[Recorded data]
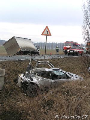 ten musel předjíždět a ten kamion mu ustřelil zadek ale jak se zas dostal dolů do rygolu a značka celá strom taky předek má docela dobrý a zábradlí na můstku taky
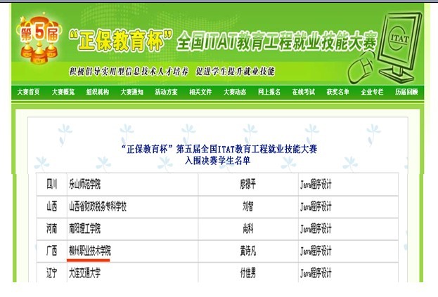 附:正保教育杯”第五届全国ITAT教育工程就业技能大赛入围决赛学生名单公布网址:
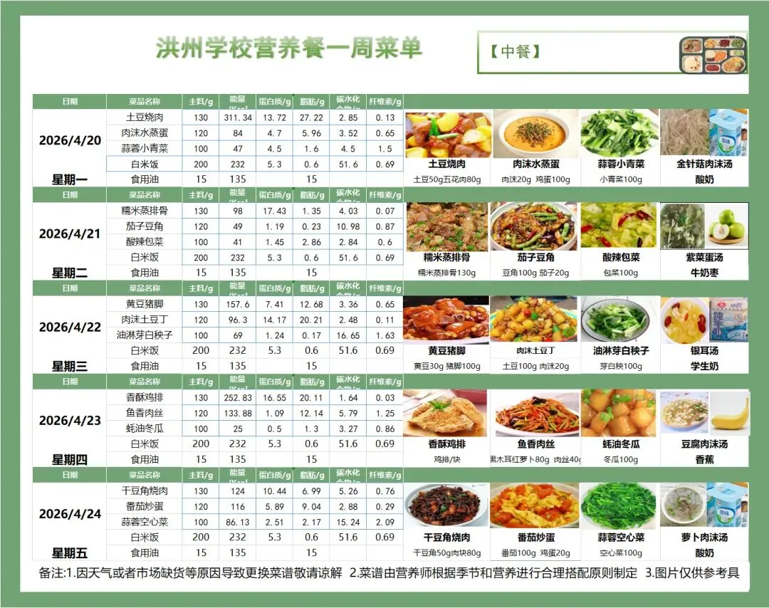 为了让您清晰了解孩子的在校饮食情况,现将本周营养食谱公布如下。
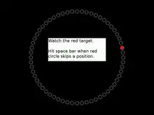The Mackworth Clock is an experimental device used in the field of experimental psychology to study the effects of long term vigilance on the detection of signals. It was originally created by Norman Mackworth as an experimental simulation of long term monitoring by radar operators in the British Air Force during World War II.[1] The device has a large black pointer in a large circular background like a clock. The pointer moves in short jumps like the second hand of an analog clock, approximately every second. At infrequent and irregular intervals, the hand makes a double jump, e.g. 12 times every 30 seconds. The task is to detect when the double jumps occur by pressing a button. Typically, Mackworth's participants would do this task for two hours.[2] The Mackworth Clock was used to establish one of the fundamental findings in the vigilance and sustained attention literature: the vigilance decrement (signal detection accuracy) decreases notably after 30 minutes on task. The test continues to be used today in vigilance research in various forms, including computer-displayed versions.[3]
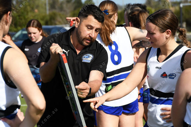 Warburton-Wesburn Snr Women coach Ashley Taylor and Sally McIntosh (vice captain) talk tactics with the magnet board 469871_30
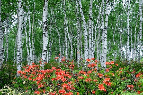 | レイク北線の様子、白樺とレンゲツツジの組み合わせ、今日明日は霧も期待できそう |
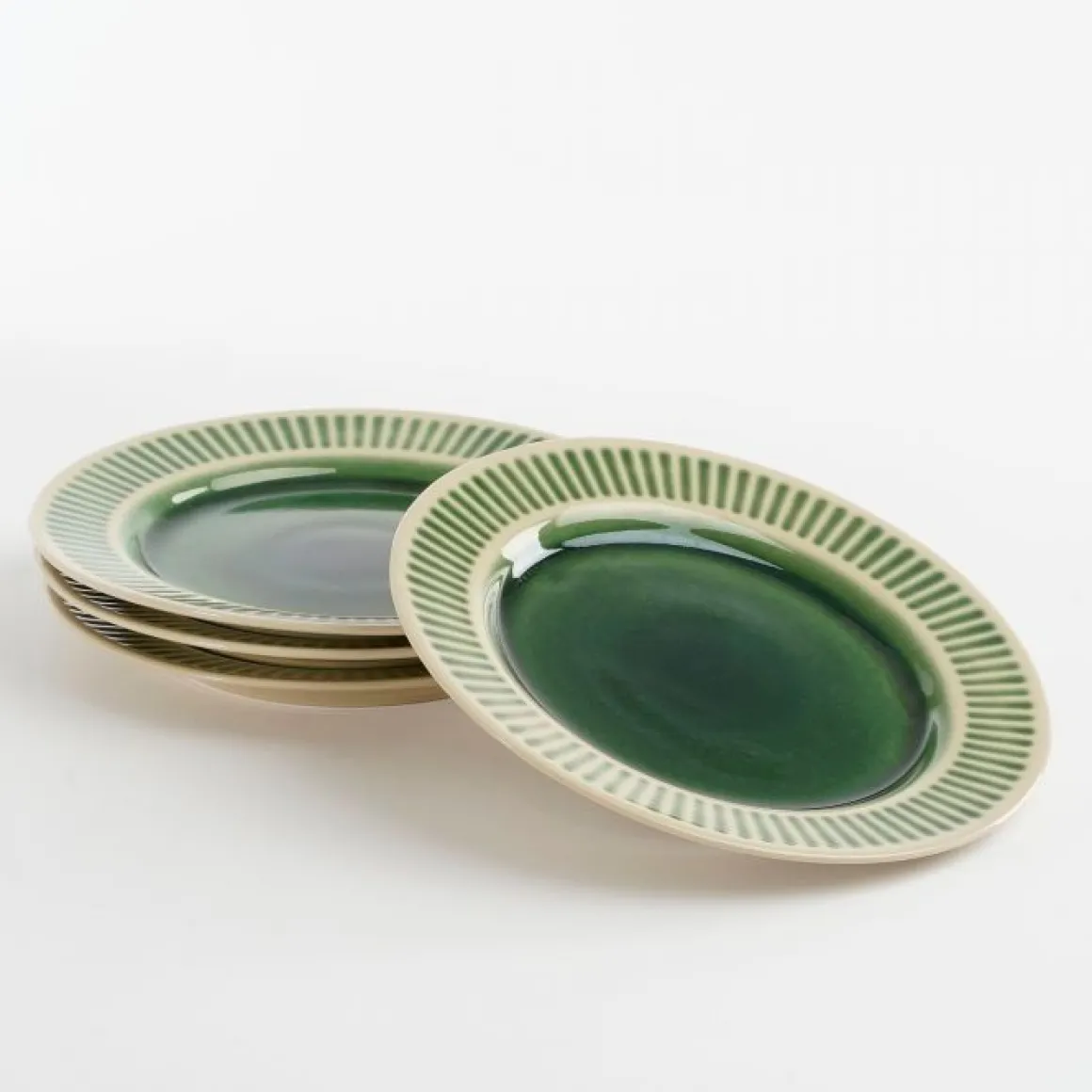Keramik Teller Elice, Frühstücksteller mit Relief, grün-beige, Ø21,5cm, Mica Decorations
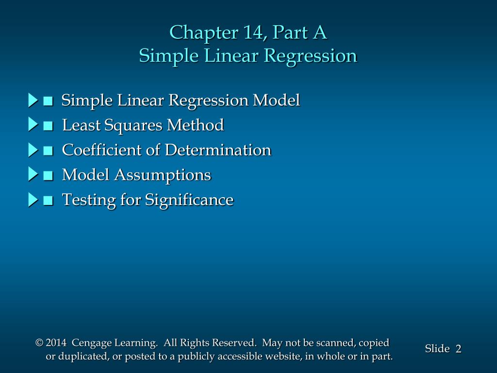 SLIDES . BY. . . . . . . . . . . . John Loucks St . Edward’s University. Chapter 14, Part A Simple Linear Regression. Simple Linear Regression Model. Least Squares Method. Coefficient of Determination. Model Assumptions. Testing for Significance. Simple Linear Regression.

__TRY IT__. Only the lines from the top of the data through the line with "为了让您清晰了解孩子的在校饮食情况,现将本周营养食谱公布如下。" should be quoted, exactly and with both ends kept; skip the pictures.

__ANSWER__.
 ten musel předjíždět a ten kamion mu ustřelil zadek ale jak se zas dostal dolů do rygolu a značka celá strom taky předek má docela dobrý a zábradlí na můstku taky
 附:正保教育杯”第五届全国ITAT教育工程就业技能大赛入围决赛学生名单公布网址:
 为了让您清晰了解孩子的在校饮食情况,现将本周营养食谱公布如下。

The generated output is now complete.